Немалое значение отводит Куприн «тучному, высокому, серебряному старцу» генералу Аносову. Именно ему поставлено в задачу заставить Веру Николаевну отнестись к любви таинственного Г. С. Ж. более серьезно.
Своими размышлениями о любви генерал помогает внучке с разных сторон посмотреть на свою жизнь с Василием Львови-
чем. Ему принадлежат пророческие слова: «…может быть, твой жизненный путь, Верочка, пересекла именно такая любовь, о которой грезят женщины и на которую больше не способны мужчины».
Генерал Аносов символизирует собой мудрое старшее поколение. Автором ему доверено сделать очень важный, имеющий огромное значение в этом рассказе вывод: в природе истинная, святая любовь крайне редка и доступна только немногим и только достойным ее людям. За всю свою жизнь Аносов не встретил ни одного подобного примера, но он продолжает верить в возвышенную любовь и передает свою уверенность Вере Николаевне.
Причиной скорой развязки истории, длившейся более восьми лет, стал подарок на день рождения Вере Николаевне.

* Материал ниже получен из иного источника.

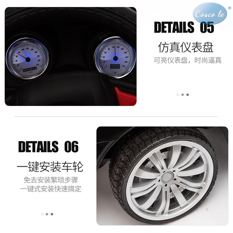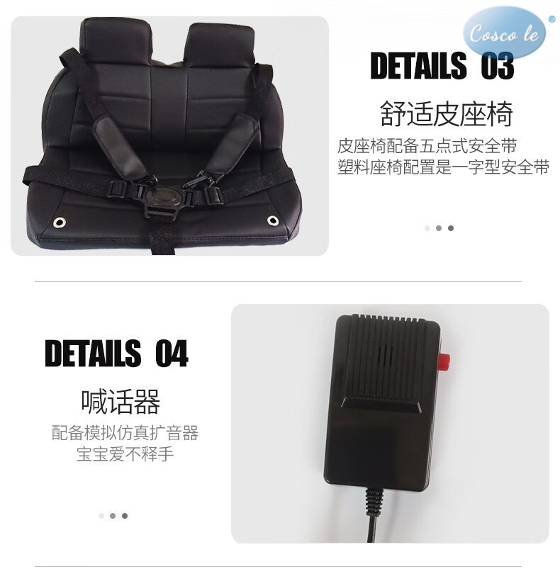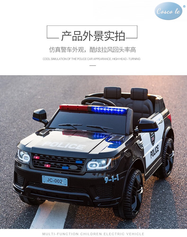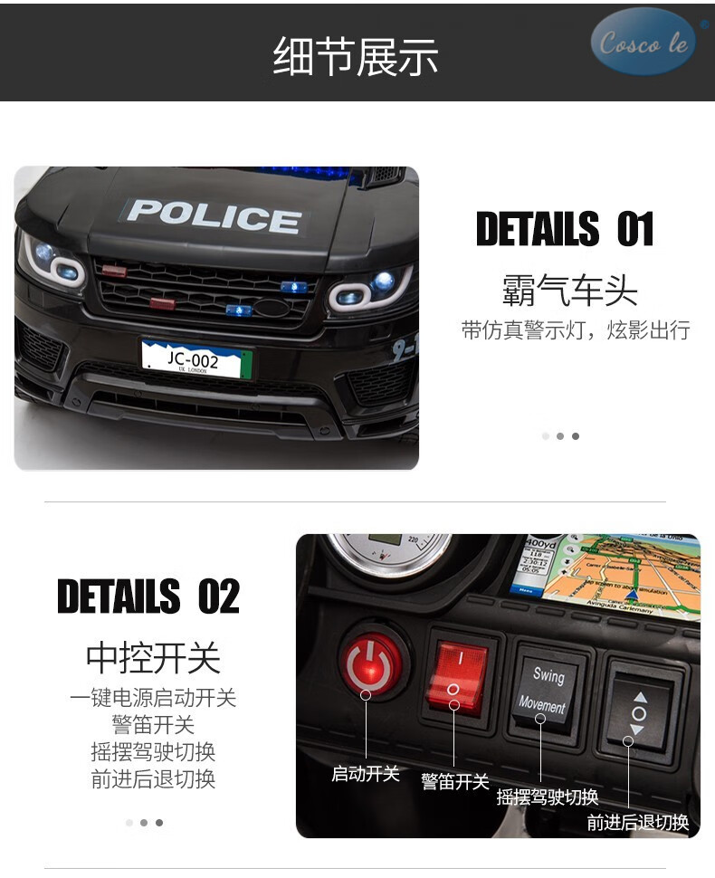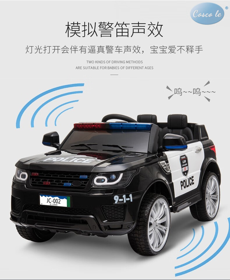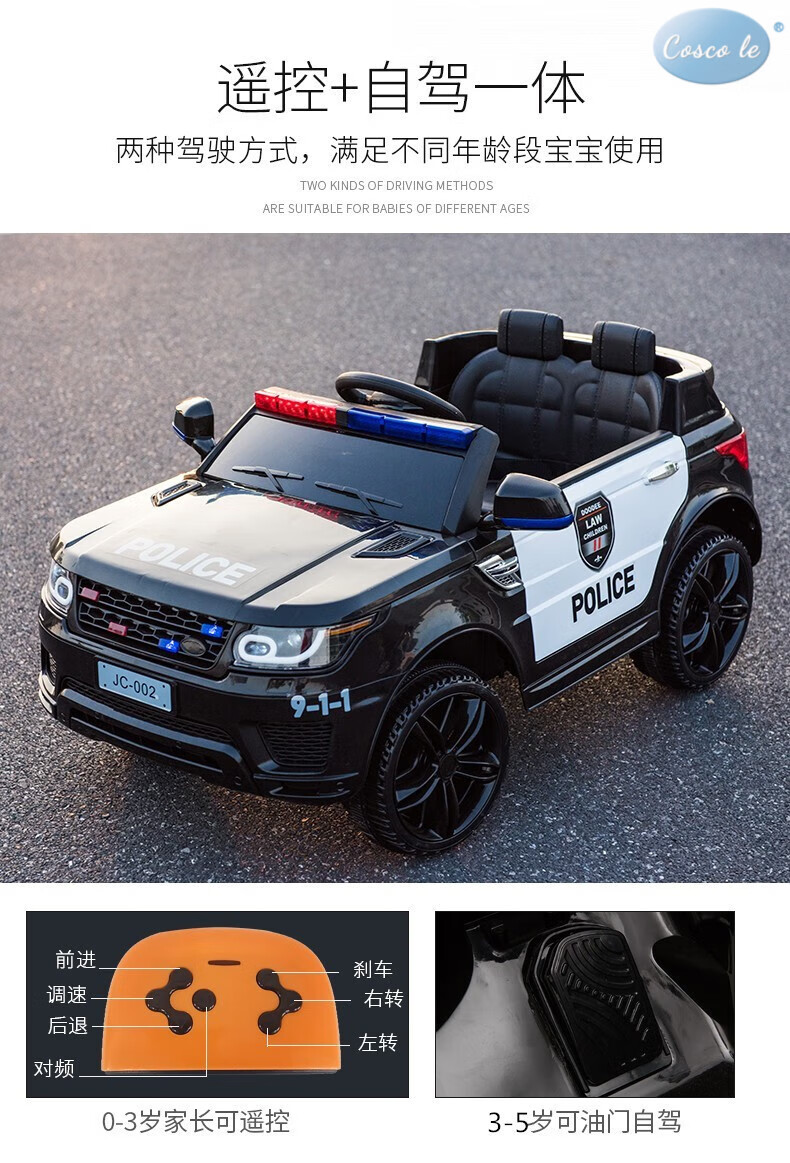 COSCO JUVENI LE children's electric car with Bluetooth remote control, swing and seat, children's police car, child's birthday gift, black, Bluetooth remote control + early education + long-lasting battery life

В роли этого подарка выступил новый символ той самой любви, в которую верил генерал Аносов, и о которой мечтает каждая женщина, — гранатовый браслет. Он ценен Желткову тем, что его носила его «покойная матушка», кроме того, старинный браслет имеет свою историю: по семейному преданию он имеет свойство сообщать дар предвидения носящим его женщинам, и охраняет от насильственной смерти…
Вера Николаевна и на самом деле неожиданно предсказывает: «Я знаю, что этот человек убьет себя».
Куприн сравнивает пять гранатов браслета с «пятью алыми, кровавыми огнями», а княгиня, засмотревшись на браслет, с тревогой восклицает: «Точно кровь!»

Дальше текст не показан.